私の報告をきいた看護師長は、「Mさんはもう生きたくないのよ。ちゃんとした立場の人だから人に迷惑をかけることはしないでしょう。シーツ交換を拒否したら看護師に迷惑をかける、でも自分のためにはもう何もしたくないんだと思うの。Mさんがそういう気持ちになってる、もう生きたくないと思ってる、そういうことをご家族に話してみなさい」
バリバリの大学病院看護師だった私には、衝撃的な見解でした。どんな患者でも良くなることを目標に治療したり看護したりするものではないの?よくならないこともあるけれど、そこに向かって進むことが正義ではないの??生きたくない、もう終末を迎えたいと思っていると、どうやって家族に話したらいいの???
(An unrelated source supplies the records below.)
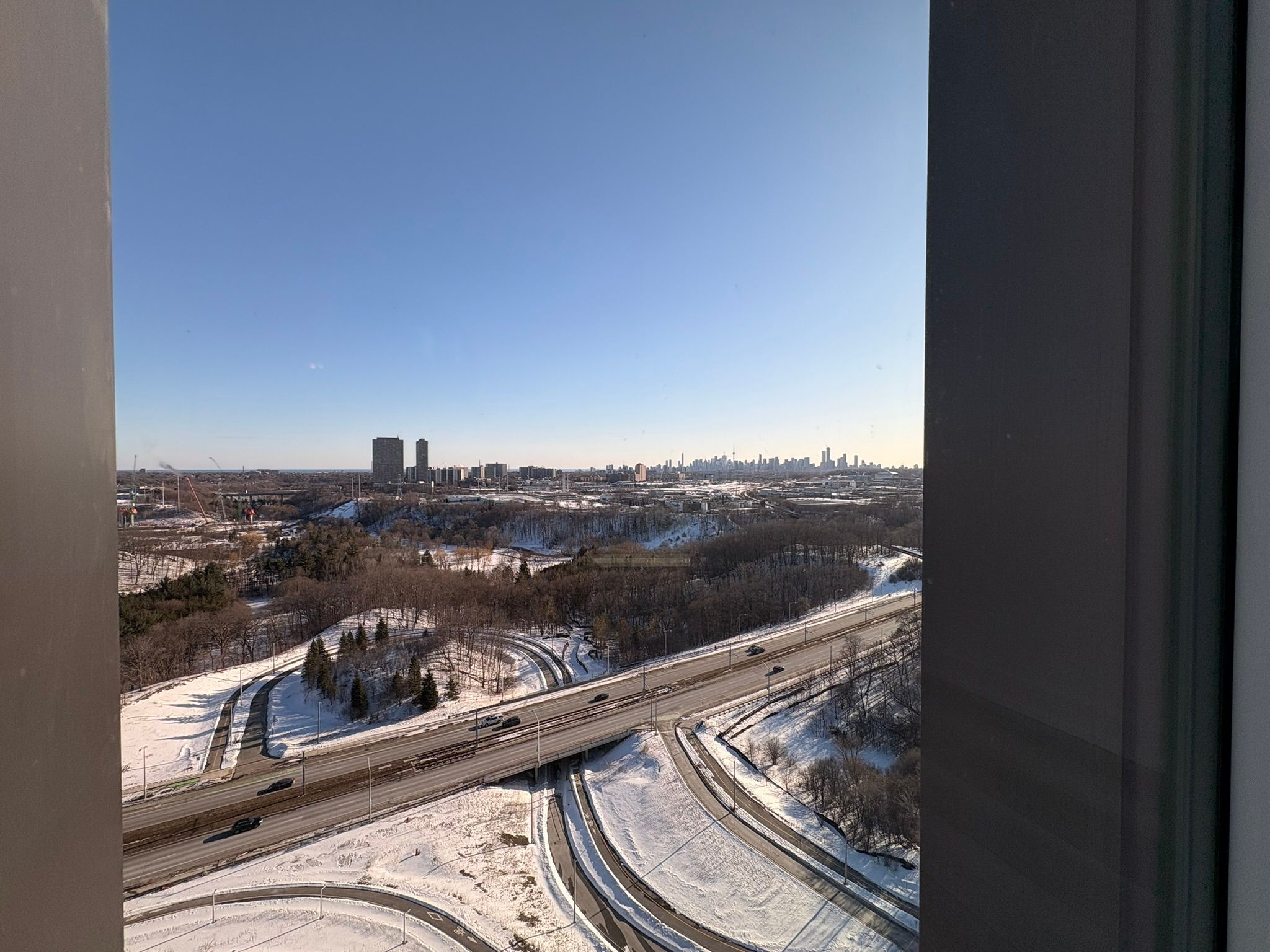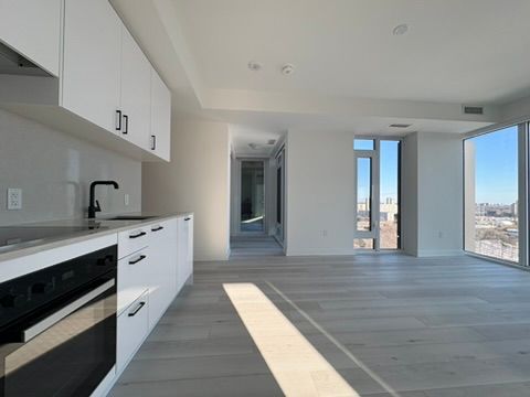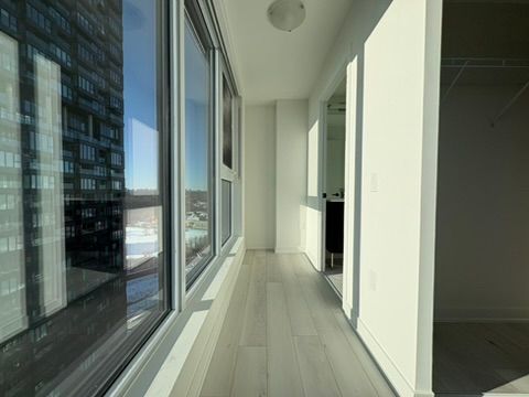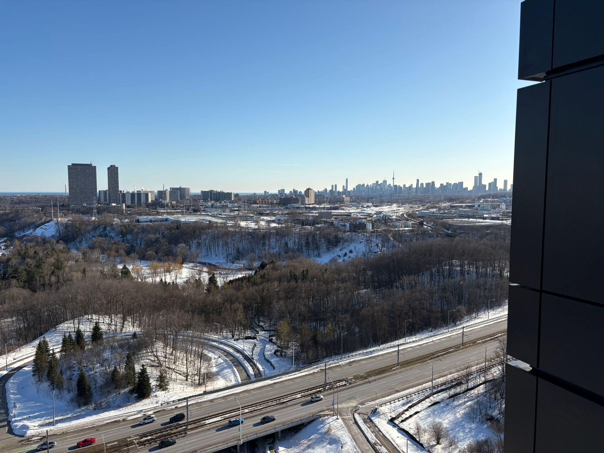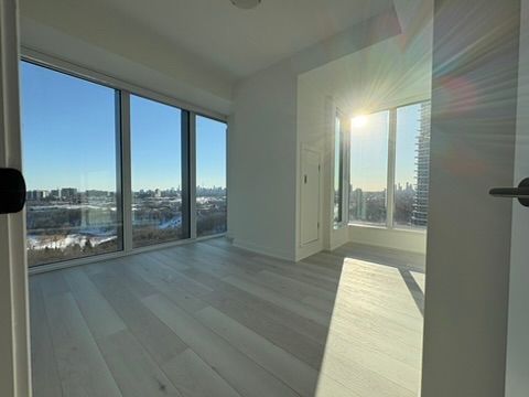 Bright corner suite featuring 2 bedrooms, 2 bathrooms, plus a spacious den. Offering 946 sq. Ft. Of interior space with floor-to-ceiling windows that showcase stunning views of the downtown skyline, cn tower, and don valley. The open-concept living, dining, and kitchen area is filled with natural light, creating a bright and comfortable space for everyday living and entertaining. The modern kitchen features sleek cabinetry, subway tile backsplash, quartz countertops, and premium miele appliances. Enjoy a private 55 sq. Ft. Terrace, ideal for relaxing while taking in sunrise and sunset views. Located in a well-connected community, steps from parks, schools, restaurants, and shopping including shops at don mills and real canadian superstore. Close to the aga khan museum and islamic centre, with convenient access to ttc transit and the eglinton crosstown lrt, providing quick connections across the city and downtown in under 20 minutes. A great opportunity to enjoy modern condo living with space, views, and convenience.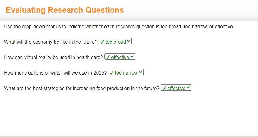 For the first question, the reason why it is too broad is because the economy in the future is a huge topic. It will not be able to be covered in one topic. In questions two, the reason why the answer is effective is because this is a specified research question in a wide category. For the third question, the answer is too narrow because there is really no use of knowing how much gallons of water we will use in 2025. Finally, in the fourth question the answer is effective because it is a specified research question in a specific topic/category.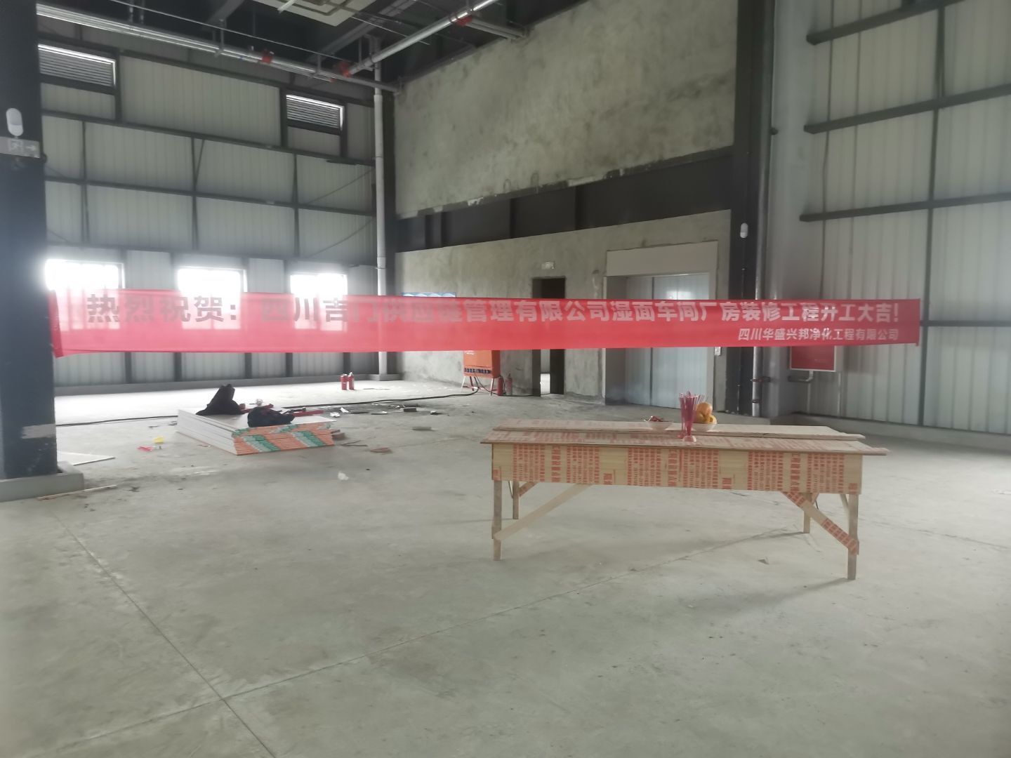 華盛興邦承接四川吉門供應(yīng)鏈管理有限公司濕面車間裝修,裝修面積2500平方。建廠找華盛興邦,咨詢熱線:181-0821-4725 189-8085-3815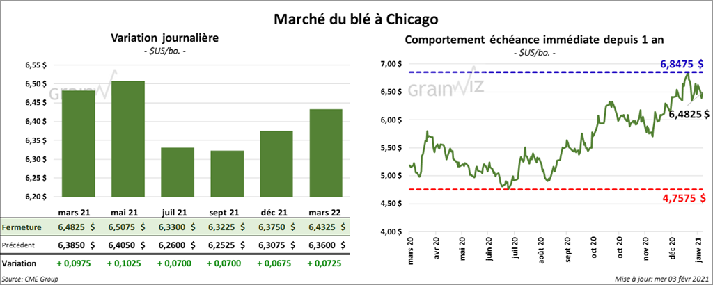 À Chicago, les contrats de blé aux échéances les plus rapprochées ont fini la journée en hausse entre 7 et 10 ¼ cents. À Kansas, les contrats de blé dur rouge aux échéances les plus rapprochées ont aussi terminé la session avec des gains entre 6 ½ et 7 ¼ cents. À Minneapolis, ceux de blé de printemps aux échéances les plus rapprochées ont fermé dans le vert entre 4 et 4 ¾ cents.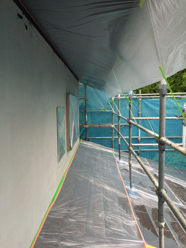 建具・サッシ廻りや屋根・軒裏など取り合う部分の養生を進めます。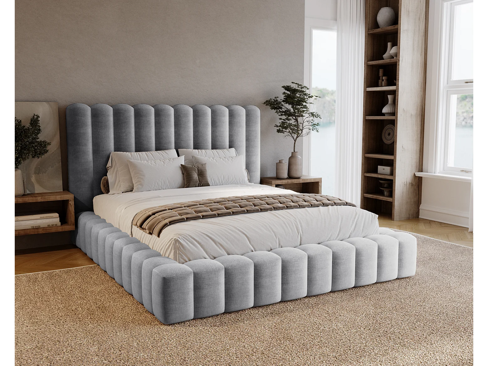 Emporius Gestoffeerd bed 140x200 cm Elise - bed 140 x 200 met opbergruimte, fluwelen Lichtgrijs (Ikoo 19)

今思うと看護師の傲慢な考えに固まっていたと思います。食べられるなら食べるべき…病院で治療や看護を拒否するなんて…と。Mさんが本当に生きることをやめたいと思っているのかどうかわかりませんでした。でもそう思っているのかもしれないと、Mさんの気持ちに家族が、そして私たちが寄り添うきっかけになり、Mさんの希望通り自宅へ退院していきました。
さて、今回の103歳のKさん。病院での治療は終わり、食事できないのは本人の意欲の問題だけだから老人ホームに退院しましょうという事になりました。家族は納得できない部分もあるようですが、病院というKさんにとってストレスフルな環境より住み慣れた老人ホームで自由に過ごせるほうがいいでしょう。103歳のこれからの希はなんだろう。半分くらいしか生きていない(またまたサバ読み)自分たちには想像もつきませんが、文句を言ったいたころにもっとちゃんと聴いていればよかったと少し後悔しています。
もしかしたら老人ホームのご飯なら食べるかもしれません。病院の食事は鳥の餌だと言っていたのですから。いまごろ文句言いながらご飯を食べてくれていればいいなあ。